Os projetos de modernização neoliberal que tiveram curso na década de 1980 contribuíram para trazer os estudos sobre o professor novamente para o centro da agenda de pesquisa, à medida que estimulavam práticas institucionais de avaliação – e, consequentemente, estendiam os mecanismos de controle sobre o trabalho docente. No campo das análises críticas, as objeções ao modelo reprodutivista de escola mobilizaram igualmente os estudos sobre o professor. Contestando a proposta liberal que apresentava a democratização do acesso e permanência à escolarização como solução para a crise da educação, defendeu-se a ideia do professor progressista – em oposição ao do professor conservador –, que compreendia o sentido intencionalmente político de sua prática profissional. Para tanto, os professores progressistas deveriam possuir uma visão sintética de todos os mecanismos inerentes ao fazer pedagógico. Seriam os responsáveis por definir, planejar, dirigir e controlar sua ação; seriam autônomos e responsáveis por compreender e lutar.

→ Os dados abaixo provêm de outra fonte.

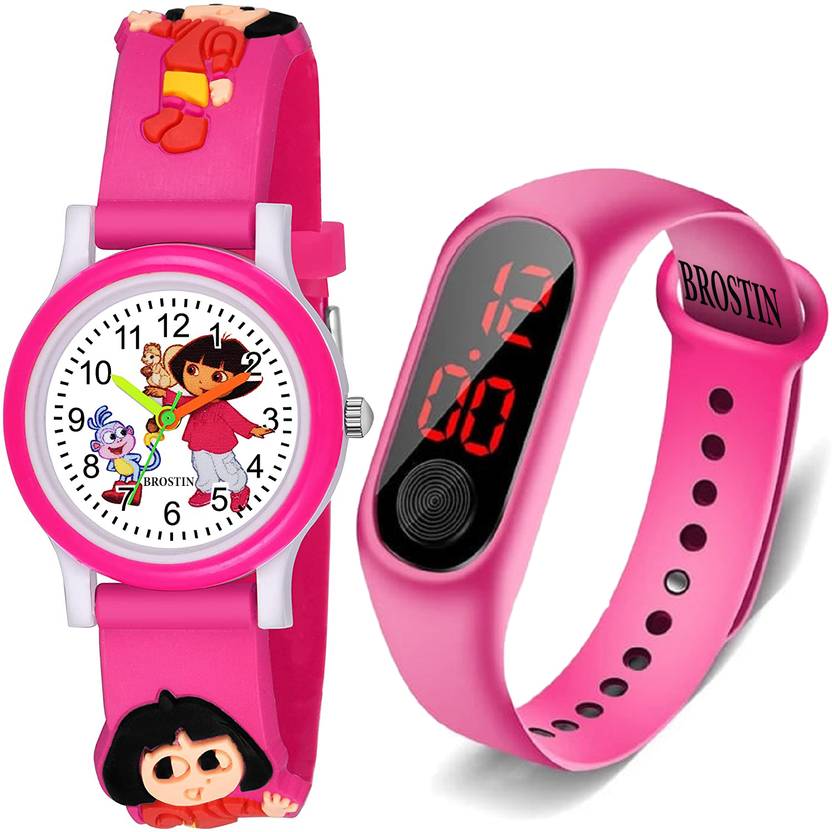 Digital Girls Pink Glowing Dora Watch/Pink Band Combo- For Girls
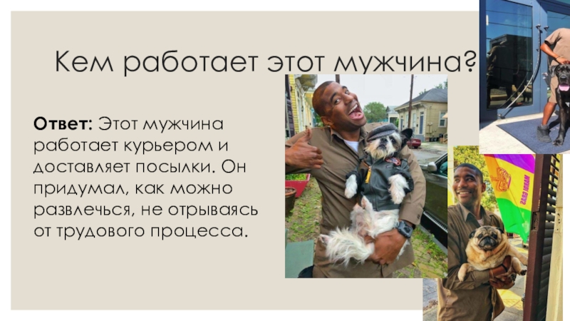 Ответ: Этот мужчина работает курьером и доставляет посылки.
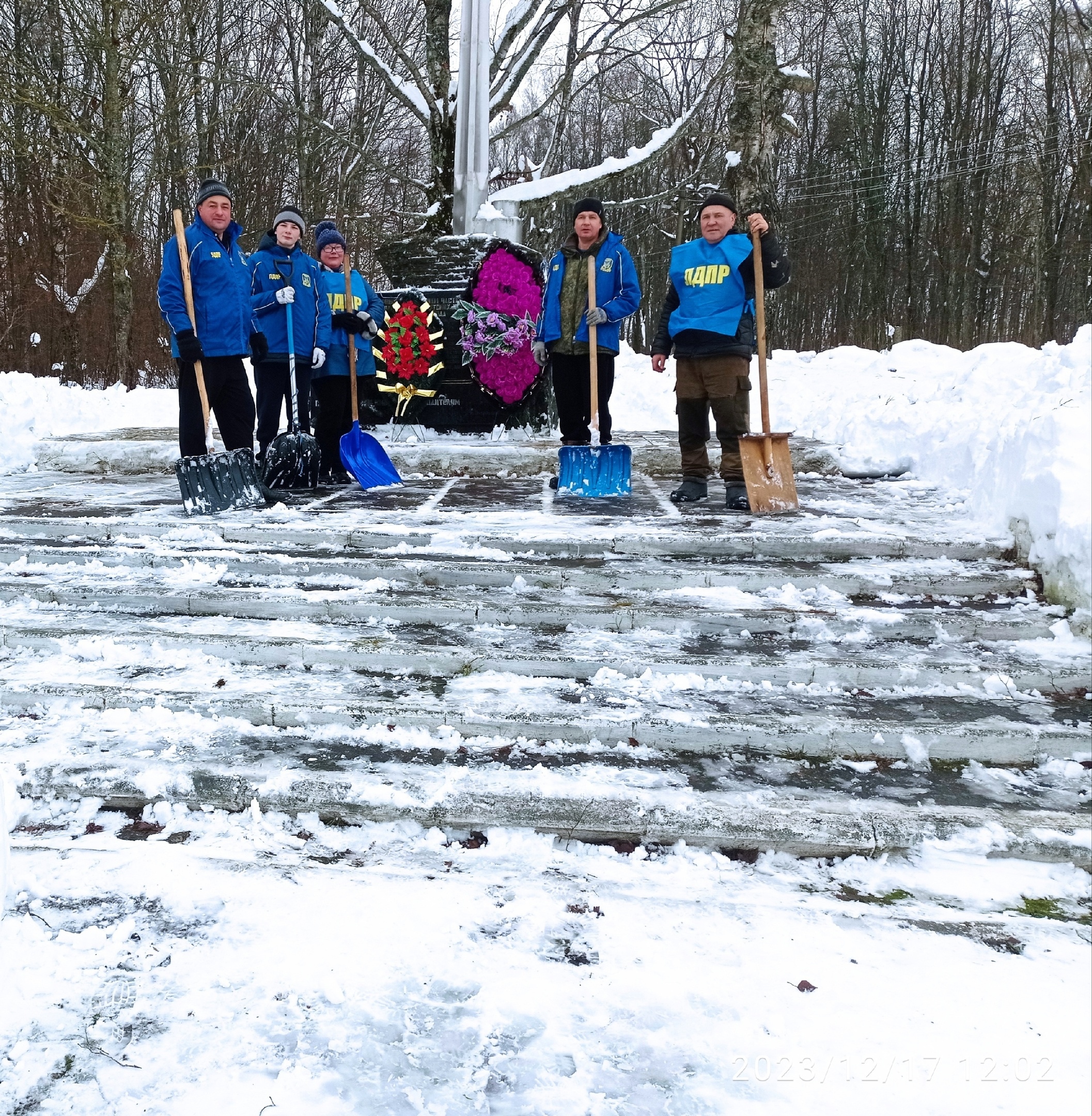 Снежные десантники ЛДПР очистили от снега мемориал "Штык и знамя" в Монастырщине
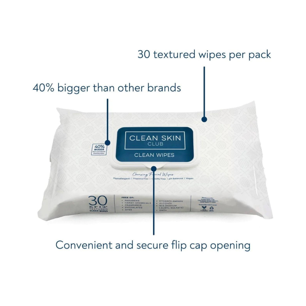 Clean Skin Club Clean Wipes is available in: 30pcs
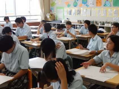 2年生の数学です。期末テストが返却され、ふりかえりを行っているところでした。
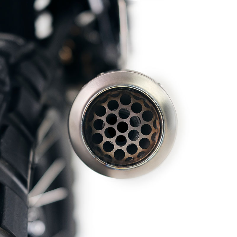 Para la R1300GS queríamos un escape refinado y elegante, pero también potente. Prestaciones y ligereza: sonido profundo en toda la curva de potencia y gran ahorro de peso. Silenciador homologado fabricado en titanio con racor de acero inoxidable. Se puede montar en los colectores originales dejando la válvula de escape y el catalizador de serie, o en nuestros colectores de competición. No requiere reasignación de la ECU ni otras modificaciones. Pesa aproximadamente 0,7 kg menos que el original. Se monta fácilmente en pocos minutos sobre el soporte original y es compatible con todas las maletas originales o aftermarket. El sonido te volverá loco y la entrega... ¡también!
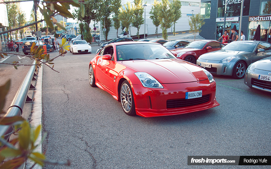 Agosto empezó con gran entusiasmo ya que pudimos formar parte de en una KDD de 350z. Ya sabéis de buena tinta que este coche significa mucho para nosotros ya que, podríamos decir que es uno de los representantes de Fresh Imports. Ya conocéis al 350z con kit Nismo de Alberto. En esta quedada se pudieron ver mas de 10 Nissan 350z juntos, algo que suele ser complicado, y ver algunos tan cuidados como este de la fotografía con kit prácticamente completo Nismo v1.
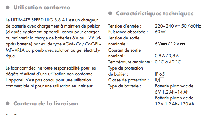 Soit, il fait les deux, charge et maintien mais perso, je n'en suis pas satisfait. Il est peut être parfait pour du 12 volts mais cet appareil est prévu pour des batterie de 14 AmpH pour le 6 volts , pour des motos donc ? C'est écrit sur la notice, voir ci dessous :
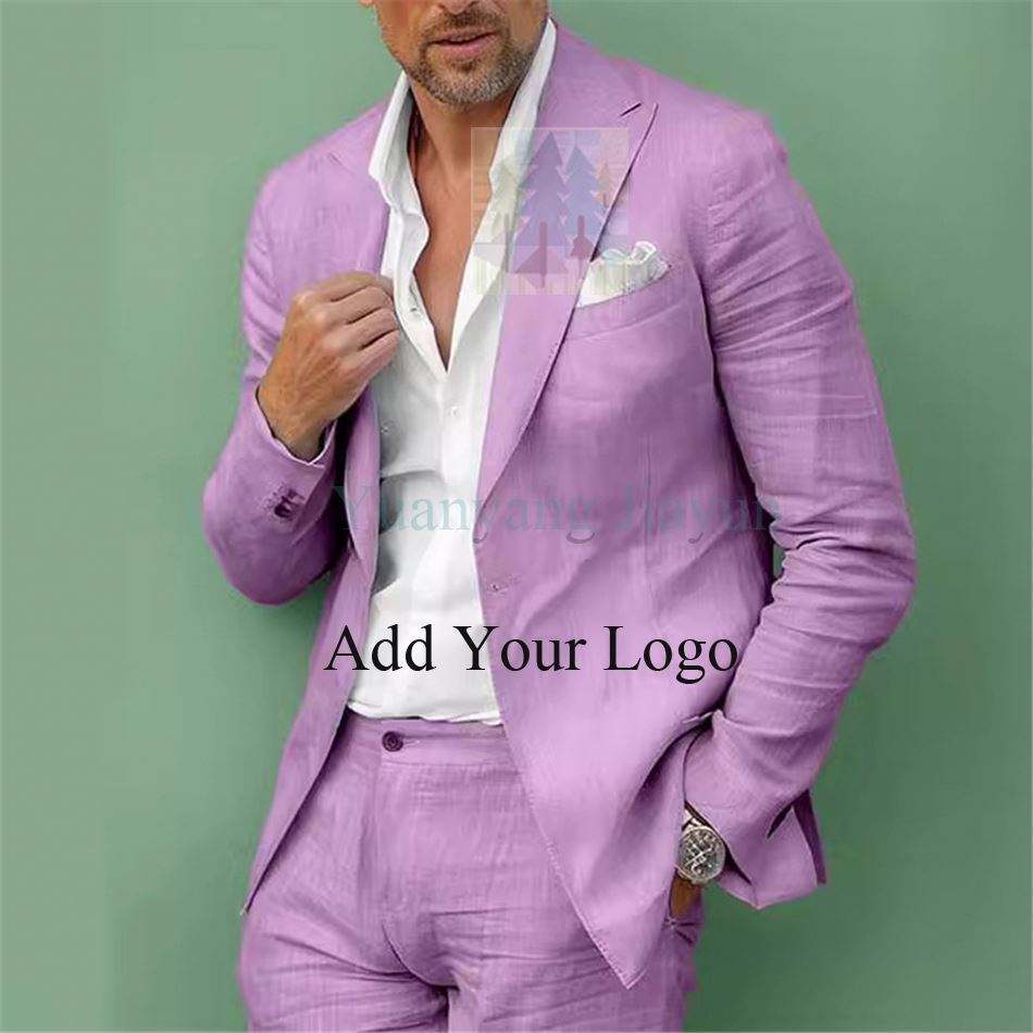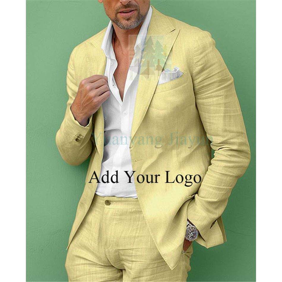 Abiti da uomo in lino estivo, vestibilità regolare, 3 pezzi, smoking da sposa, pantaloni di gilet con risvolto formale
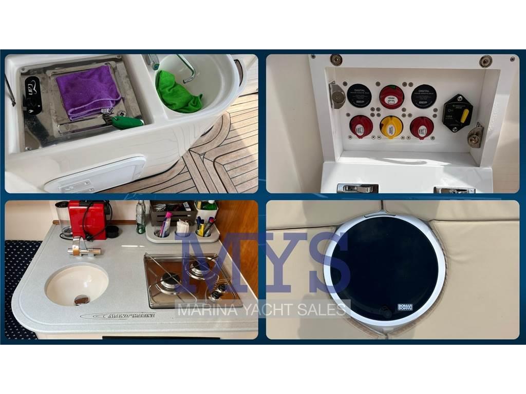 Notas internasDinette di prua divano a V e tavolo, trasformabile in letto matrimoniale a 2 posti Cuccetta di poppa con letto matrimoniale alla francese Cucina completa di lavello, 2 fuochi a gas e frigorifero Bagno separato con doccia, wc elettrico e lavello Notas de la instrumentaciónAngolo barraBussola Computer di bordo Contametri catena Contamiglia Display DSC VHF Ecoscandaglio Lowrance HDS9 2024 Flaps idraulici GPS Lowrance HDS9 2024 Pilota automatico Lowrance HDS9 2024 Elica di prua - bow thruster Batterie 3x150Ah 2024 Caricabatterie 2024 Luci di cortesia 2024 Luci subacquee 2024 Presa 220V da banchina Salpa Ancore Elettrico 2024 Prese interne 12v Prese interne 220v Altoparlanti Digitale Terrestre Impianto TV Radio AM/FM Stereo 2024 Tv Smart LG Frigorifero interno Autoclave Boiler per l'acqua calda Notas de armamentoAncora kg. 7,5 + 50 mt di catena 2024Rollbar Bimini Cappottina Copriscafo Cuscineria completa 2024 Cuscineria di poppa 2024 Cuscineria di prua 2024 Cuscineria Pozzetto 2024 Tendalino Pozzetto Teak Tavolo pozzetto Doccia esterna 2024 Piattaforma in teak Scaletta da bagno REFITTING/MANUTENZIONE STRAORDINARIA 2024 - ancora e verricello nuovi - cuscineria completa nuova - scala cabina nuova - teak nuovo - strumentazione Mercruiser originale nuova - GPS, ecoscandaglio e pilota nuovi - caricabatterie nuovo - 3 batterie nuove - impianto elettrico nuovo - motori e piedi sbarcati e portati a "0" ore - pompe di sentina nuove - stereo nuovo - TV smart nuovo - luci interne, subacquee e di navigazione nuove - oblò + tende nuove - carrozzeria lucidata completamente - bottazzo nuovo - prese a mare nuove - impianto wc nuovo - doccia interna ed esterna nuove - interni completamente rifatti |
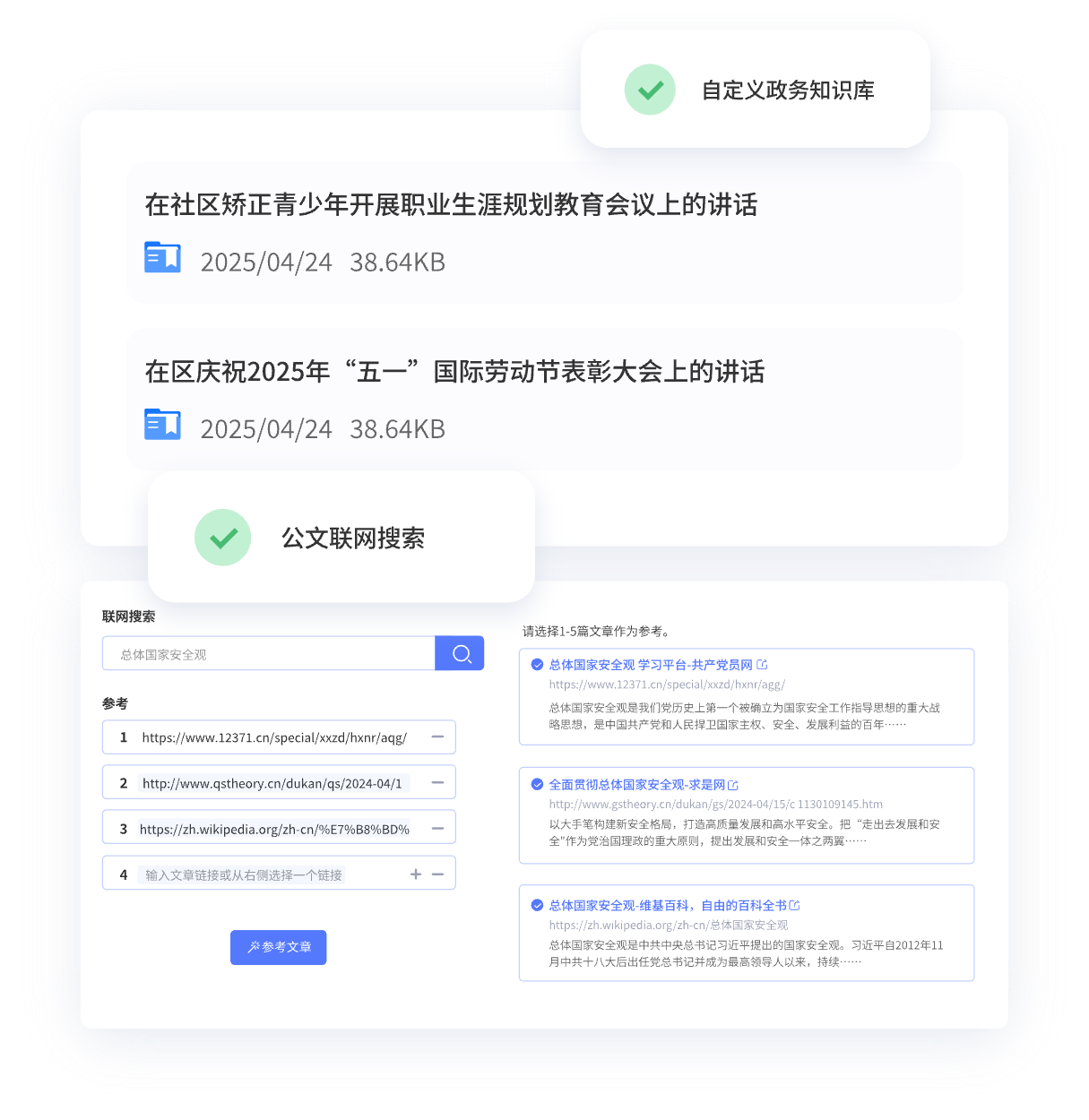 上傳政務(wù)或個人寫作常用材料,用于精準(zhǔn)生成符合自己寫作風(fēng)格的公文

A autora chama a atenção para idealização que passou a revestir a imagem do professor, impondo-lhes a obrigação de se elevarem à condição de mulheres e homens extraordinários. As propostas eram carregadas de normatividade, apontando o que o professor deveria ser, sem auxiliá-lo a identificar o que de fato era, e sem deixar entrever caminhos pelos quais poderia aproximar-se do que deveria ser. As abstrações estruturalistas nem sempre os auxiliavam a encontrar respostas para certos tipos de dilema que permeavam sua atuação diária:

Na análise complexa e refinada da constituição social das relações escolarizadas, ancorada em macro-conceitos como poder, opressão, autoridade, Estado, luta de classes, alienação, etc., convertidos em suportes de condicionantes estruturais, nem sempre nos reconhecíamos. Também não reconhecíamos naquelas análises os embates e as contradições, a dinâmica e a diversidade por nós vividas nas situações imediatas e cotidianas de sala de aula. (FONTANA, 2000a, pp. 24-25)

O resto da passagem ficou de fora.